*** Record set Section Begins ***

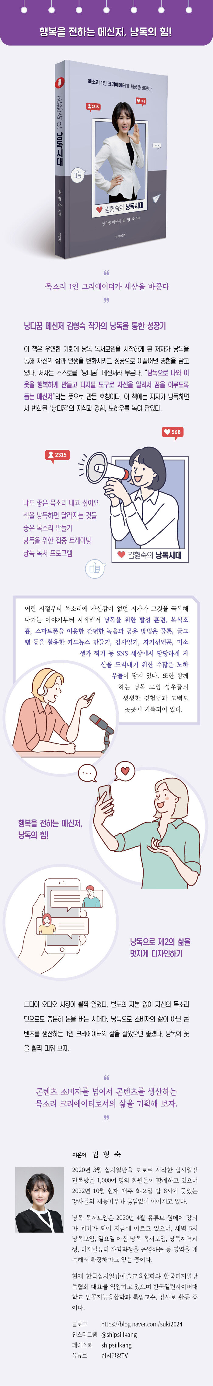 낭디꿈 메신저 김형숙 작가의 낭독을 통한 성장기이 책에는 어린 시절부터 목소리에 자신감이 없던 저자가 그것을 극복해나가는 이야기부터 시작해서 낭독을 위한 발성 훈련, 복식호흡, 스마트폰을 이용한 간편한 녹음과 공유 방법은 물론, 글그램 등을 활용한 카드뉴스 만들기, 감사일기, 자기선언문, 미소셀카 찍기 등 SNS 세상에서 당당하게 자신을 드러내기 위한 수많은 노하우들이 담겨 있다. 또한 함께하는 낭독 모임 성우들의 생생한 경험담과 고백도 곳곳에 기록되어 있다.
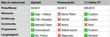 ✅ Alpha40 App (wöchentliche Workouts)
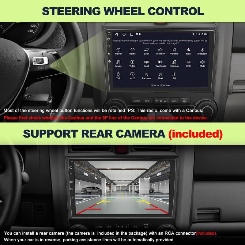 - ✅Android 13 Touchscreen for HONDA CRV (2007-2011) : Equipped with the latest Android 13 operating system that guarantees maximum security, customization, and compatibility with over 3 million apps on Google Play. The combination of 2GBand 64GB allows you to run multiple apps simultaneously without lag. Bluetooth + Wi-Fi: Stream music via Bluetooth while downloading updates via Wi-Fi. Transform your dashboard into a smart entertainment center!
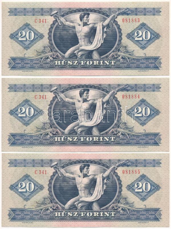 1975. 20Ft "C 341 081883 - C 341 081885" (3x) sorszámkövetők...
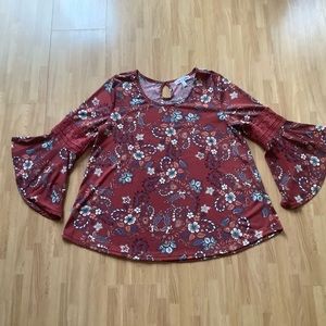 Beautiful plum floral bell sleeve blouse . Crotchet detailing on sleeves . Keyhole on the back.
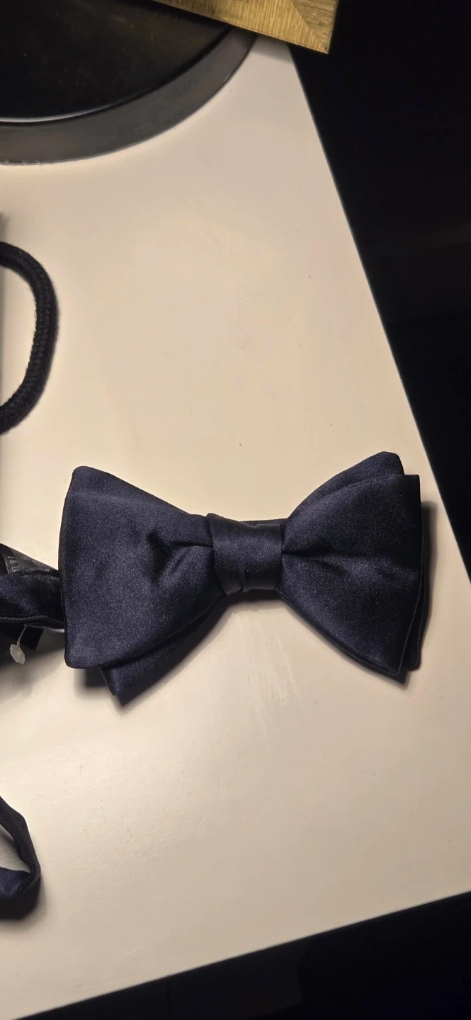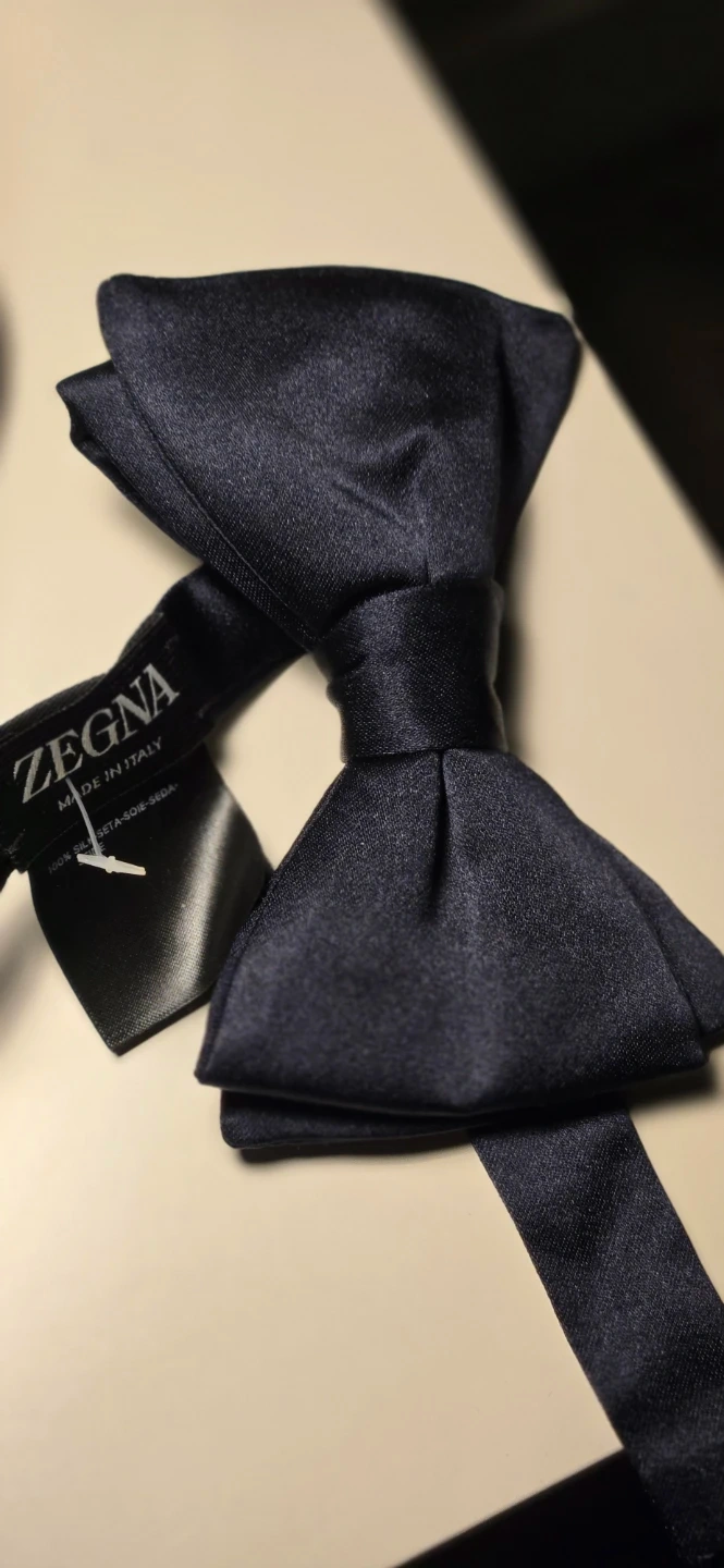 Here's a brand new with tags Zegna bow tie! It's made in Italy from 100% silk and comes in a classic navy colour. Originally bought for $195 and comes with the Harry Rosen bag!
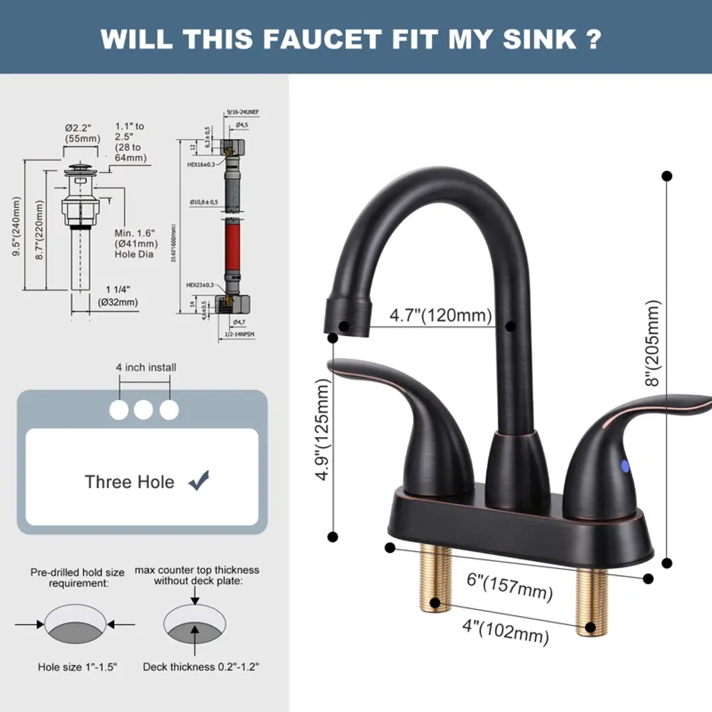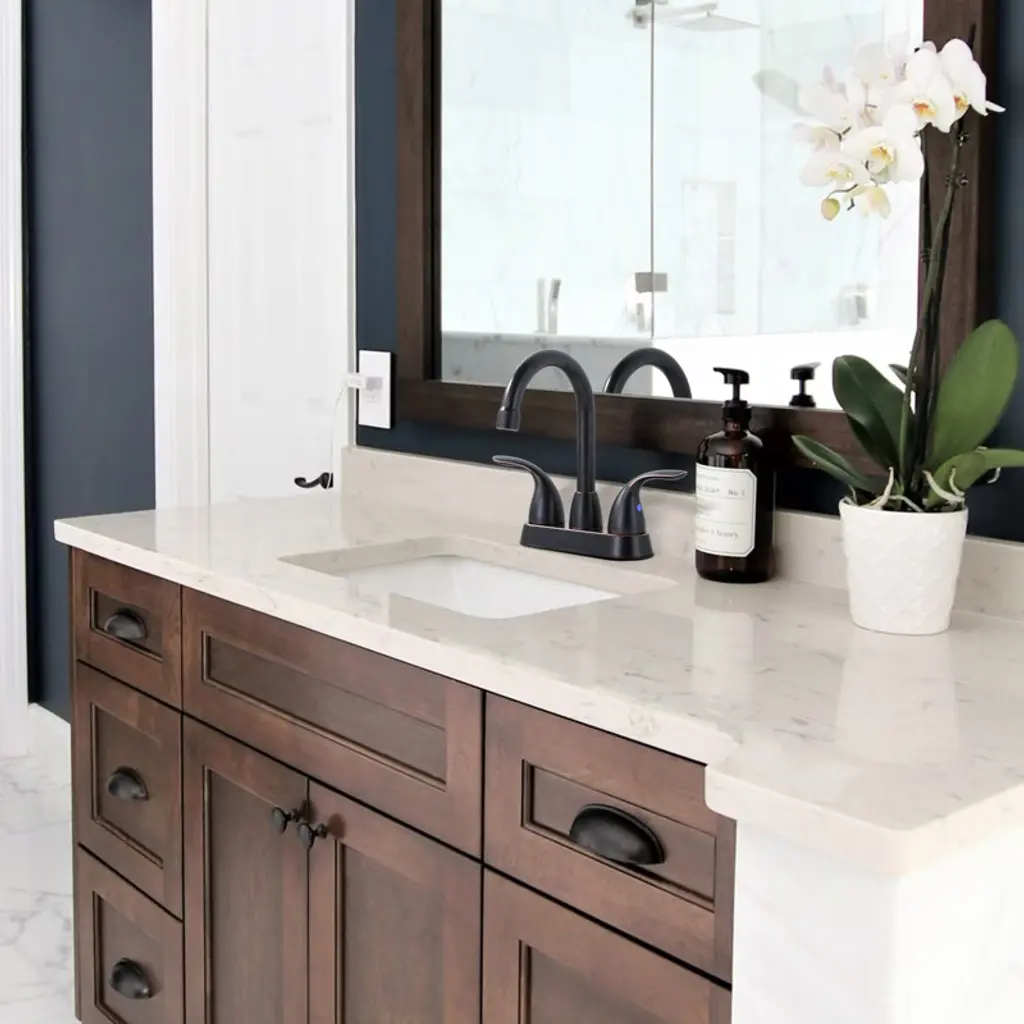 4-inch center-set double-handle high-arc bathroom faucet will refresh your bathroom. Its timeless design and durable construction make it a stylish and functional addition to any sink. The integrated design makes installation easier, and the included matching drain assembly ensures consistency in ambiance. The high-arc spout provides ample space for everyday use.
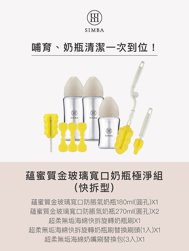 •蘊蜜質金玻璃寬口防脹氣奶瓶180ml(圓孔SS)*1
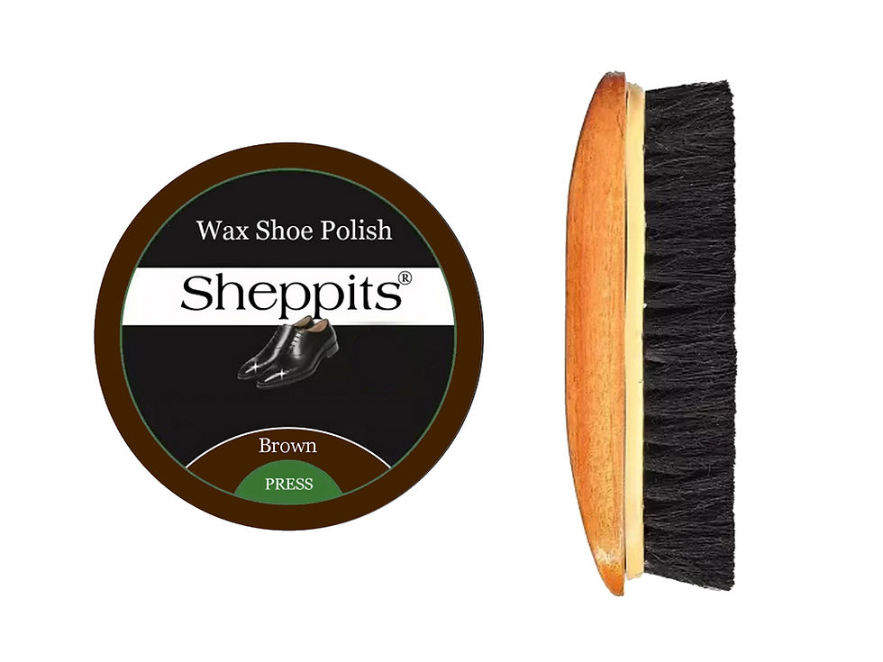 Sheppits Premium Shoe Polish (Brown) & Shoe Polish Brush Combo | Shoe Care Kit

*** Record set Section Ends ***

What the exercise asks:
Keep the pictures out and repeat exactly the lines from the beginning of the data through the line that contains "Here's a brand", both ends included.

Final answer:
 낭디꿈 메신저 김형숙 작가의 낭독을 통한 성장기이 책에는 어린 시절부터 목소리에 자신감이 없던 저자가 그것을 극복해나가는 이야기부터 시작해서 낭독을 위한 발성 훈련, 복식호흡, 스마트폰을 이용한 간편한 녹음과 공유 방법은 물론, 글그램 등을 활용한 카드뉴스 만들기, 감사일기, 자기선언문, 미소셀카 찍기 등 SNS 세상에서 당당하게 자신을 드러내기 위한 수많은 노하우들이 담겨 있다. 또한 함께하는 낭독 모임 성우들의 생생한 경험담과 고백도 곳곳에 기록되어 있다.
 ✅ Alpha40 App (wöchentliche Workouts)
 - ✅Android 13 Touchscreen for HONDA CRV (2007-2011) : Equipped with the latest Android 13 operating system that guarantees maximum security, customization, and compatibility with over 3 million apps on Google Play. The combination of 2GBand 64GB allows you to run multiple apps simultaneously without lag. Bluetooth + Wi-Fi: Stream music via Bluetooth while downloading updates via Wi-Fi. Transform your dashboard into a smart entertainment center!
 1975. 20Ft "C 341 081883 - C 341 081885" (3x) sorszámkövetők...
 Beautiful plum floral bell sleeve blouse . Crotchet detailing on sleeves . Keyhole on the back.
 Here's a brand new with tags Zegna bow tie! It's made in Italy from 100% silk and comes in a classic navy colour. Originally bought for $195 and comes with the Harry Rosen bag!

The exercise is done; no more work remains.